CEIR operates virtually in the dark with little scrutiny from the “progressive” press, who are less interested in covering CEIR’s misdeeds than covering for them. Contrast that with the work of investigative reporters like Todd Shepherd of the right-leaning outlet Broad + Liberty. He recently reported that Pennsylvania transferred partial data profiles of hundreds of thousands of EBUs to CEIR in 2020. That information would have proved invaluable to partisan groups active in Pennsylvania that year. Yet CEIR refuses to say what it did with the trove of voter data.
But CEIR’s founding documents give us every reason to believe this is precisely what it’s doing. It’s up to Becker and Co. to convince the public that it isn’t misusing this priceless data, despite having the means, motive, and opportunity to do so.
A Right-Wing Wrecking Ball
So what can conservatives do to level the playing field?
A good axiom in warfare applies here: Turn your enemy’s strength into his greatest weakness.
Japan famously turned many Pacific islands into impenetrable fortresses in World War II and dared U.S. forces to attack them. Instead, we sailed around them to take weaker targets and let the garrisons starve. After Rome’s devastating defeat at the hands of Hannibal’s mighty army in the Second Punic War, Rome divided its legions into smaller forces to cover more ground. Like wolves wearing out a bear, they could be everywhere while the Carthaginians could not. Hannibal lost.
Likewise, we won’t defeat this powerful cabal in a single battle, but by nibbling it to death. The House should demand to know why the IRS refuses to strip these groups of their tax exemption for trespassing the law on biased voter registration campaigns.
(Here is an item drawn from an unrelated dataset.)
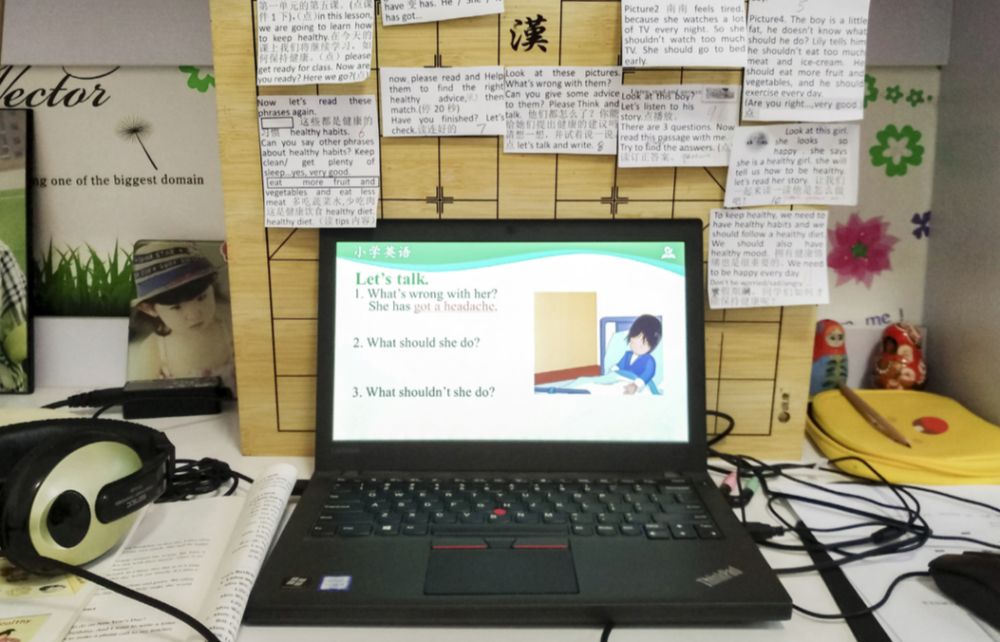 2月17日,北京中關村第三小學英語老師魯鳳玲在家中為學生錄制“國家中小學網絡云平臺”教學內容,電腦附近貼滿了用來提詞的紙條

Conservative legislatures ought to hold hearings on out-of-state nonprofits running partisan registration drives in their jurisdiction. The states can tighten rules about who gets to register voters the same way they restrict ballot harvesting—either restricting it to family members or banning it altogether. Where there’s room for abuse, the Left will abuse the law.
Watchdogs and citizens can and should file complaints with the IRS and FEC against these groups. Conservatives are used to being attacked for their political views; very few leftists have ever faced the same kind of scrutiny. They can also demand 501(c)(3) and (c)(4) groups’ annual Form 990 disclosures, which reveal how much they took in and spent. (Here is atemplate and some guidelines.)
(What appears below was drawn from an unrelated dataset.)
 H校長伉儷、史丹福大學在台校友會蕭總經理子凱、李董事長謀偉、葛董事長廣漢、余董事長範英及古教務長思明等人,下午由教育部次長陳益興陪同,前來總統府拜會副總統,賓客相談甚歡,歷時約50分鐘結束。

To date, nine states—Ohio, Florida, Missouri, West Virginia, Louisiana, Texas, Iowa, Alabama, and Alaska—have left or are about to leave ERIC. Their leaders know that they don’t need ERIC to maintain good voter rolls because they already have the tools necessary for the job.
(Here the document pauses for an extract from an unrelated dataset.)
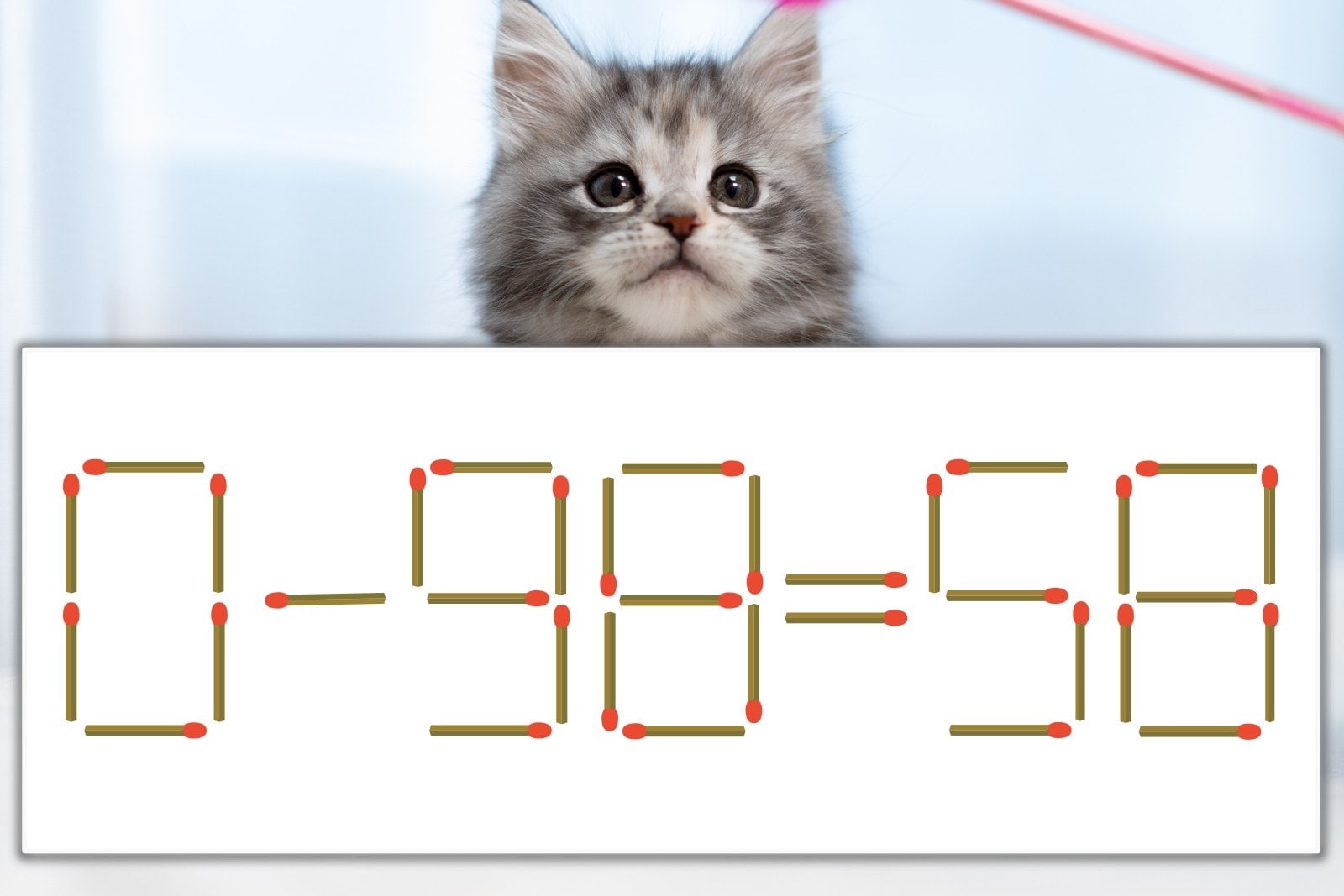 「9」を別の数字に変化させると答えが導き出せます。「9」のマッチ棒を1本移動して、「-」を「+」にしてみましょう。すると、「0+58=58」が成立します。

That leaves Arizona, Georgia, Kentucky, Pennsylvania, South Carolina, Utah, Virginia, and Wisconsin for election integrity advocates to address.
The good news? In almost all cases, the decision to leave ERIC is entirely within the purview of the governor and secretary of state. Red states with a blue governor can look to the others on this list for legislation to leave ERIC without the governor’s consent.
Every one of these states to depart is one less state transmitting EBU data to the Left’s registration machine.